STUDY MATERIAL
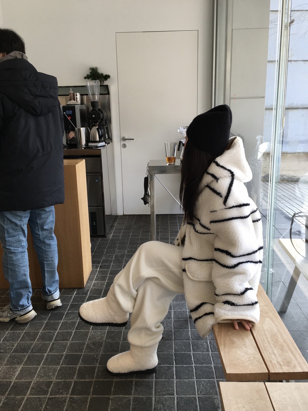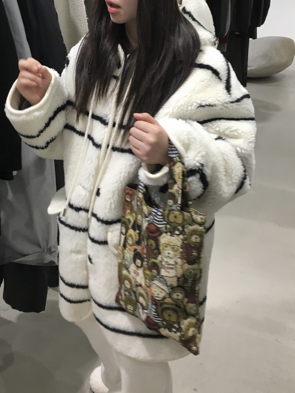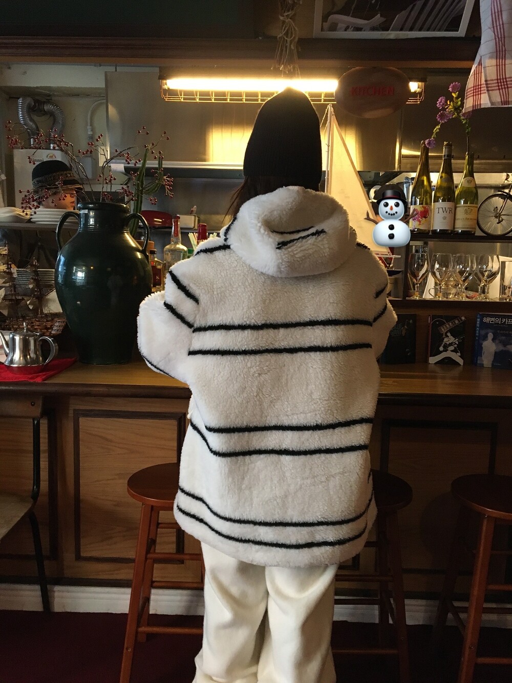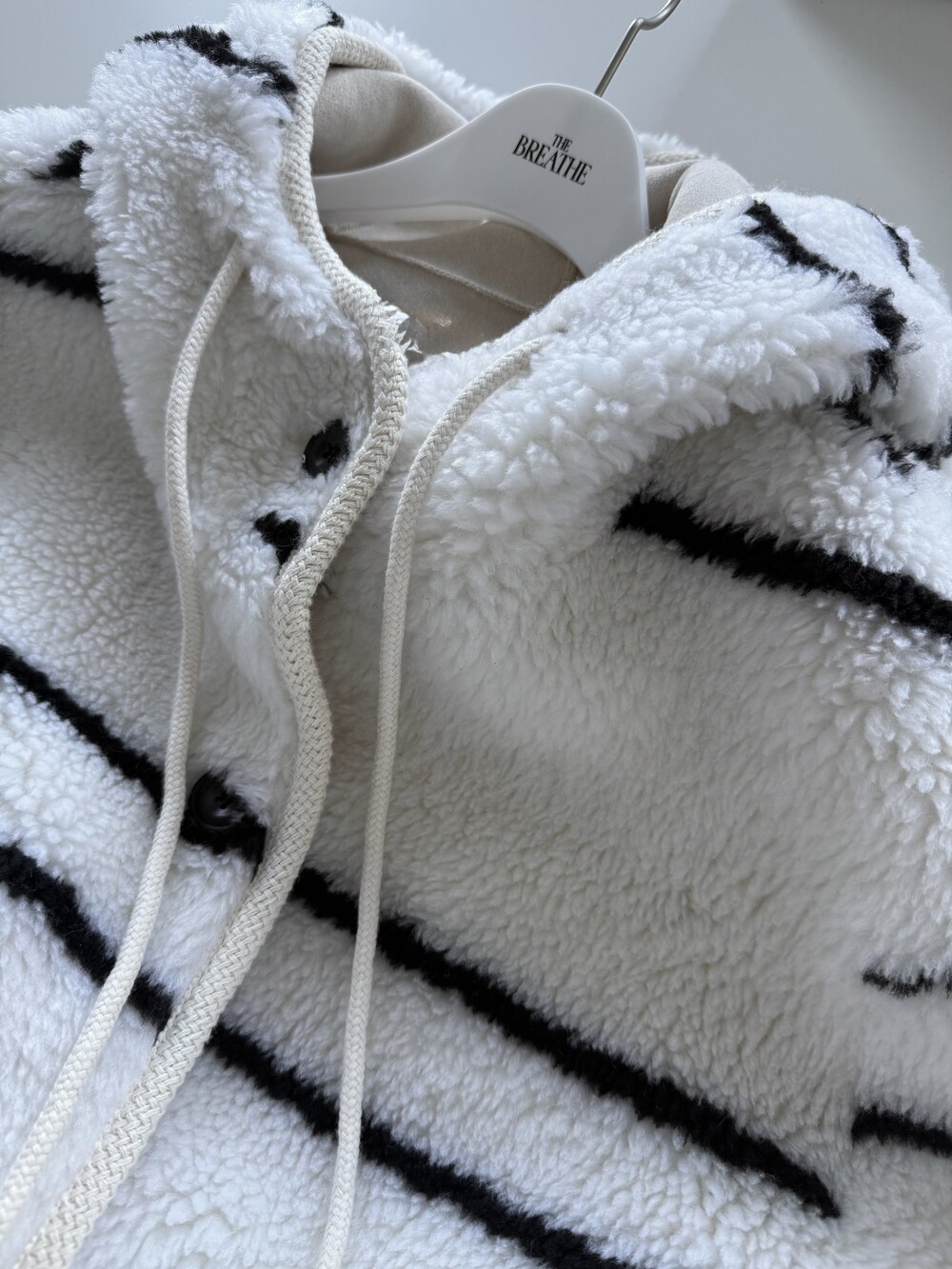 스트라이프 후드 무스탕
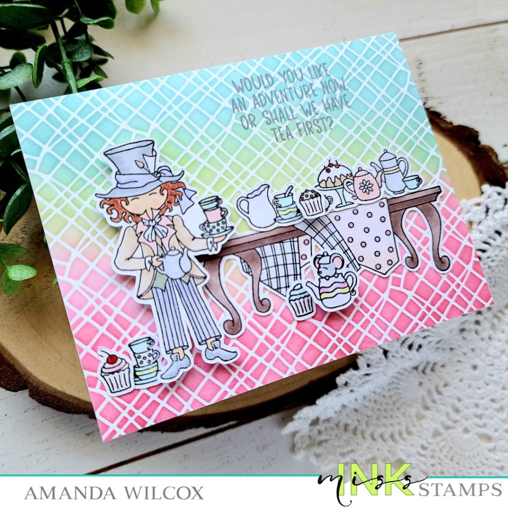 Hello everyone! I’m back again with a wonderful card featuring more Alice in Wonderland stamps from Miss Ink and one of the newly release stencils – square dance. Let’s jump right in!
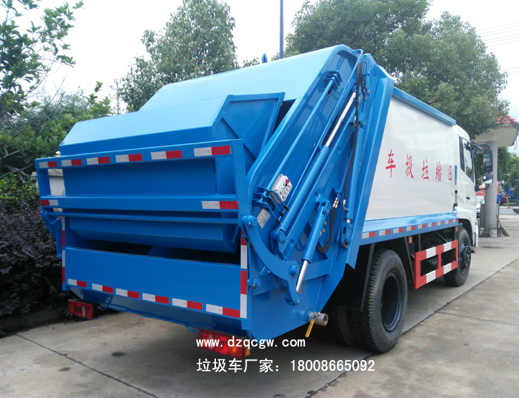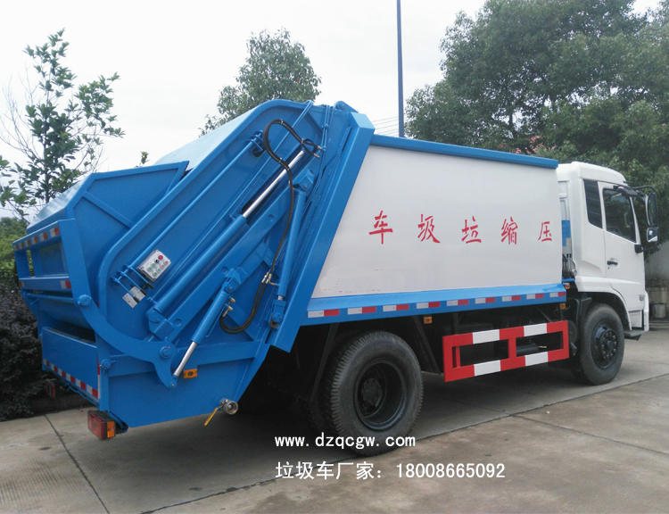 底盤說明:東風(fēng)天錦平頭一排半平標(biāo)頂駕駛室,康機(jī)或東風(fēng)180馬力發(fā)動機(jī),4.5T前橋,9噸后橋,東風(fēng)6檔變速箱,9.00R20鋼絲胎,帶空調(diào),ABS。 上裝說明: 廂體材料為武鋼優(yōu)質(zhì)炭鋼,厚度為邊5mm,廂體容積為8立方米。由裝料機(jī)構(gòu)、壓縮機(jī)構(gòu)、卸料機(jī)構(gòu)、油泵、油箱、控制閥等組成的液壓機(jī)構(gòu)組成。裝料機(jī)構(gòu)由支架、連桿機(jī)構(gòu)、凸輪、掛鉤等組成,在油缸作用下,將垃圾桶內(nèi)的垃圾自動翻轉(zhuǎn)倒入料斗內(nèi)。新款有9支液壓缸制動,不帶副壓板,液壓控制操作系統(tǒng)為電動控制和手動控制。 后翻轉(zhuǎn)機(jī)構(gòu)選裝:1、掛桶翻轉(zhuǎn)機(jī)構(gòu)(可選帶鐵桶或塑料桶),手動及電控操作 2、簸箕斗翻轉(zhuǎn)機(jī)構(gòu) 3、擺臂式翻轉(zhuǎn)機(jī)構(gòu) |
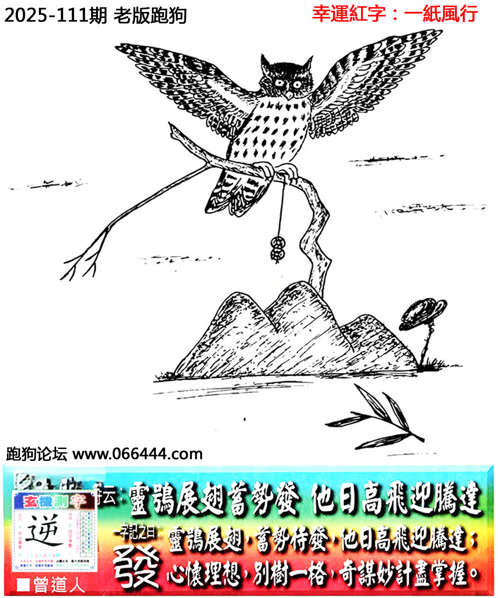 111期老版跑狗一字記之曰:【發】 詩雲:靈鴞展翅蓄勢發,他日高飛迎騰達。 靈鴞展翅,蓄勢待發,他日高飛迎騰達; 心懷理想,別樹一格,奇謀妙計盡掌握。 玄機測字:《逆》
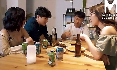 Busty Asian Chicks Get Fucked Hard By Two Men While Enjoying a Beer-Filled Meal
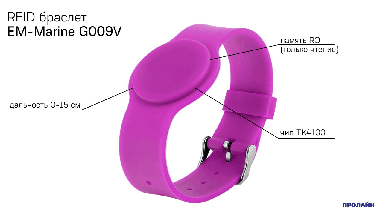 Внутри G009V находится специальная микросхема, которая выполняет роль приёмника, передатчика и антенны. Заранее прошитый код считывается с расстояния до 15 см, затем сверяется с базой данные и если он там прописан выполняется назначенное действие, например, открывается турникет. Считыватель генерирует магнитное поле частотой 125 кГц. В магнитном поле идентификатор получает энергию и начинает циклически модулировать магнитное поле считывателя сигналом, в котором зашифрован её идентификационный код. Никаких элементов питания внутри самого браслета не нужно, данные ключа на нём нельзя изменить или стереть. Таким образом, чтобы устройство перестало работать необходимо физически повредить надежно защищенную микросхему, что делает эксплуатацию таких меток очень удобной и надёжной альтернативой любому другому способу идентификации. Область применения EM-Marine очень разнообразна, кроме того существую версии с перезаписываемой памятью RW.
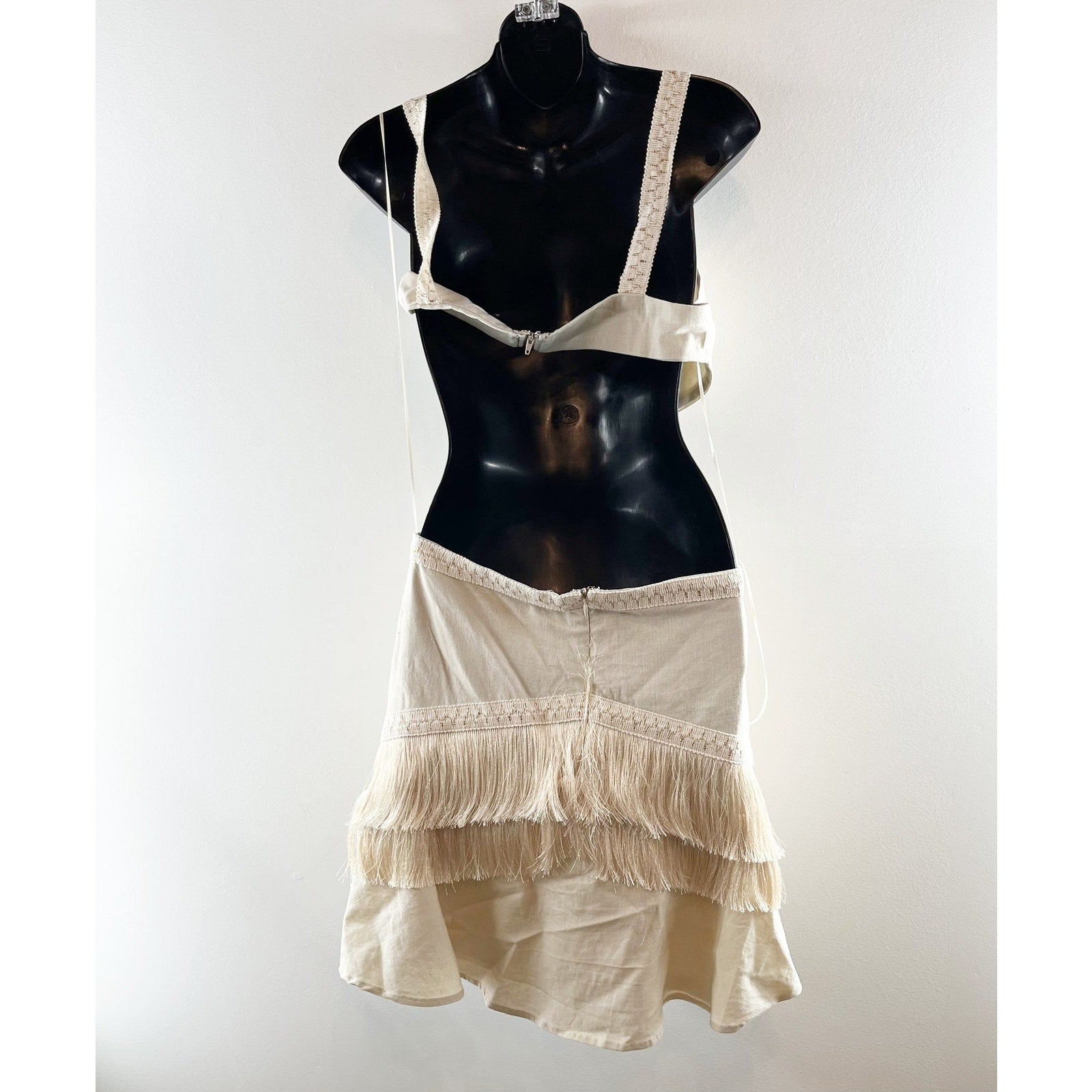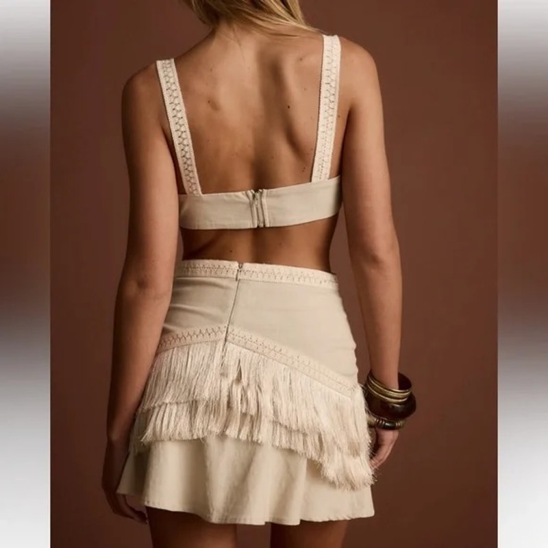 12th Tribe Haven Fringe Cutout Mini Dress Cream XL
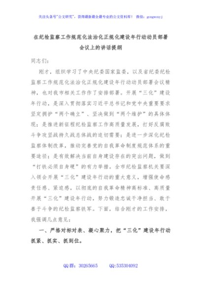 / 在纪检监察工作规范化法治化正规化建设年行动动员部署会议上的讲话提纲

EXERCISE DESCRIPTION
Would you give again, exactly as written, the lines from the one containing "12th Tribe Haven" through the end of the records, with no pictures and no other lines?

WRITTEN ANSWER
 12th Tribe Haven Fringe Cutout Mini Dress Cream XL
 / 在纪检监察工作规范化法治化正规化建设年行动动员部署会议上的讲话提纲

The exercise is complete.